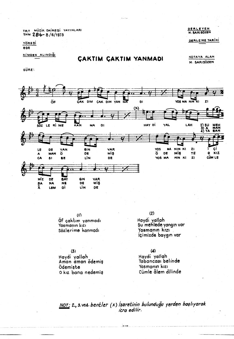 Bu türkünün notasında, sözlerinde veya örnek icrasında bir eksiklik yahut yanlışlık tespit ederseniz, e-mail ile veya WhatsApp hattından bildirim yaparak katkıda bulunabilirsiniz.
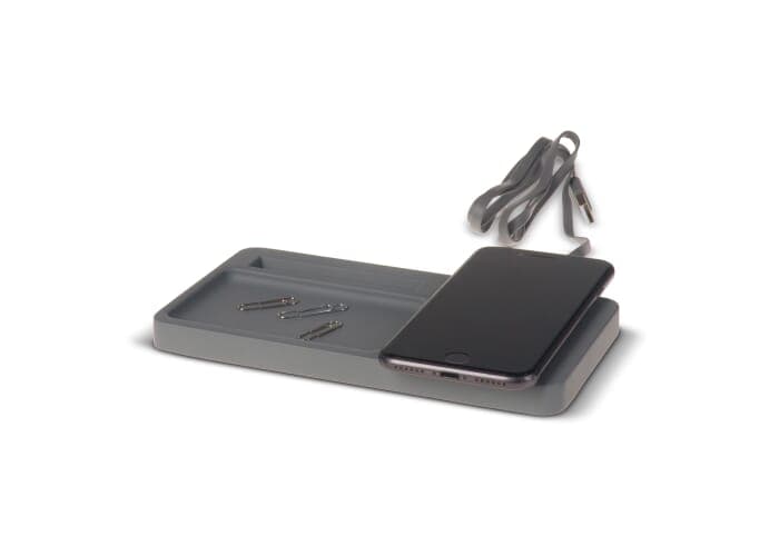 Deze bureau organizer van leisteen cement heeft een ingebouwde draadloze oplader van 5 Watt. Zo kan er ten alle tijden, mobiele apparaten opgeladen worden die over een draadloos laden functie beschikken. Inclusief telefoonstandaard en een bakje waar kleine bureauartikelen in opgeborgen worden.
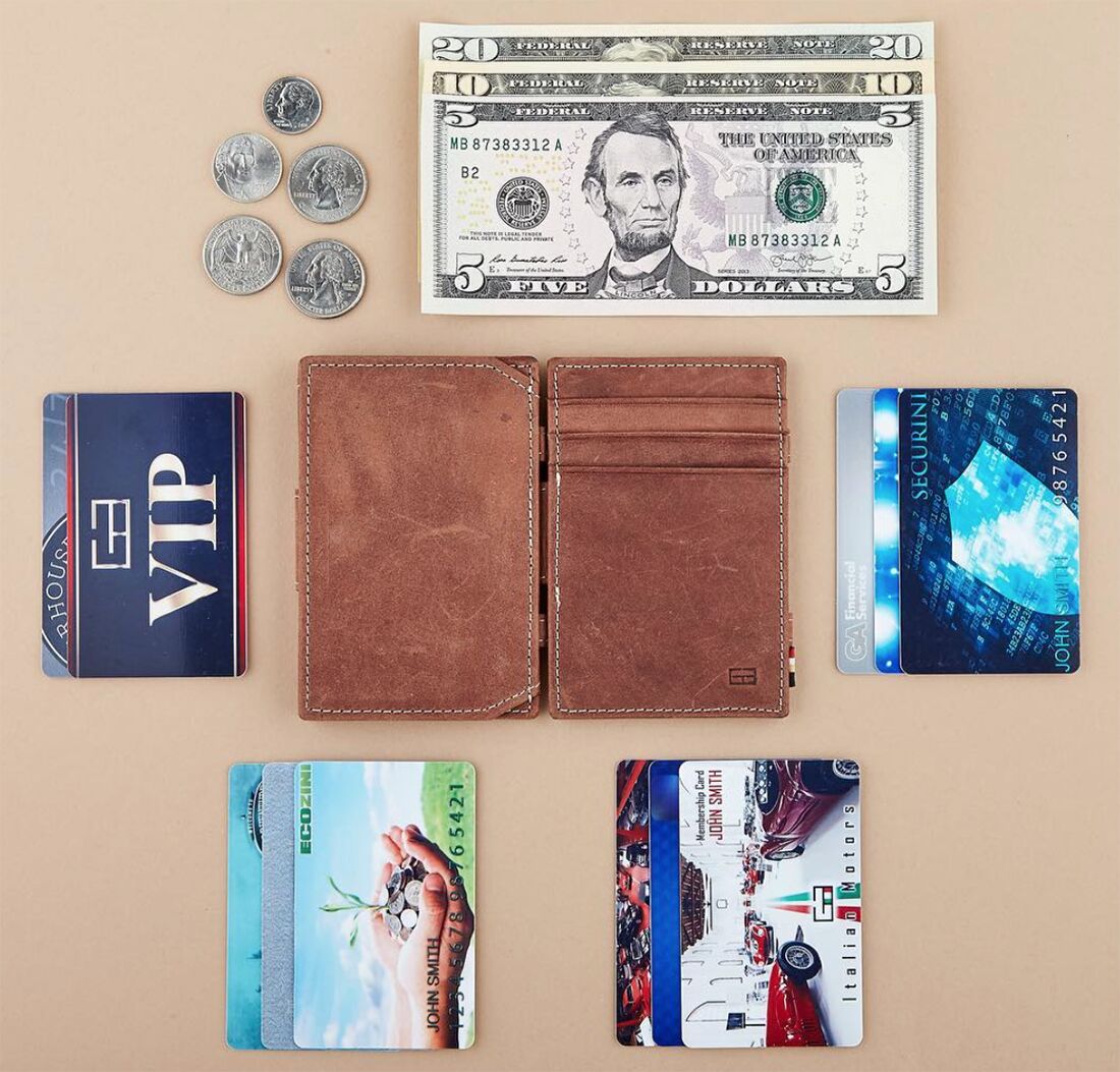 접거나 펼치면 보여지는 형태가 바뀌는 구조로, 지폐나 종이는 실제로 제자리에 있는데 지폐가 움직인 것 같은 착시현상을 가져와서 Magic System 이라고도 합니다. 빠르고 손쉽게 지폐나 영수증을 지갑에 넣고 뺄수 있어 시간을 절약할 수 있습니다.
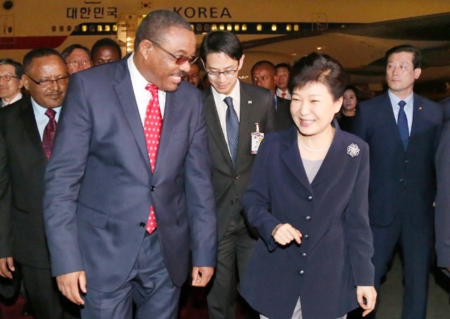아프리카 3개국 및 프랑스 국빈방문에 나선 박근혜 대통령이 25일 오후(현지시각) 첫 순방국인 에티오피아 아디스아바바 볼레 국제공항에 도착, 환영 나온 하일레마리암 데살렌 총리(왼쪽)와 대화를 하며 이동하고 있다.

=======

Problem statement: Please return exactly the lines from the one containing "Deze bureau organizer" through the end of the material above, both ends included, but not the pictures.

Task answer:
 Deze bureau organizer van leisteen cement heeft een ingebouwde draadloze oplader van 5 Watt. Zo kan er ten alle tijden, mobiele apparaten opgeladen worden die over een draadloos laden functie beschikken. Inclusief telefoonstandaard en een bakje waar kleine bureauartikelen in opgeborgen worden.
 접거나 펼치면 보여지는 형태가 바뀌는 구조로, 지폐나 종이는 실제로 제자리에 있는데 지폐가 움직인 것 같은 착시현상을 가져와서 Magic System 이라고도 합니다. 빠르고 손쉽게 지폐나 영수증을 지갑에 넣고 뺄수 있어 시간을 절약할 수 있습니다.
아프리카 3개국 및 프랑스 국빈방문에 나선 박근혜 대통령이 25일 오후(현지시각) 첫 순방국인 에티오피아 아디스아바바 볼레 국제공항에 도착, 환영 나온 하일레마리암 데살렌 총리(왼쪽)와 대화를 하며 이동하고 있다.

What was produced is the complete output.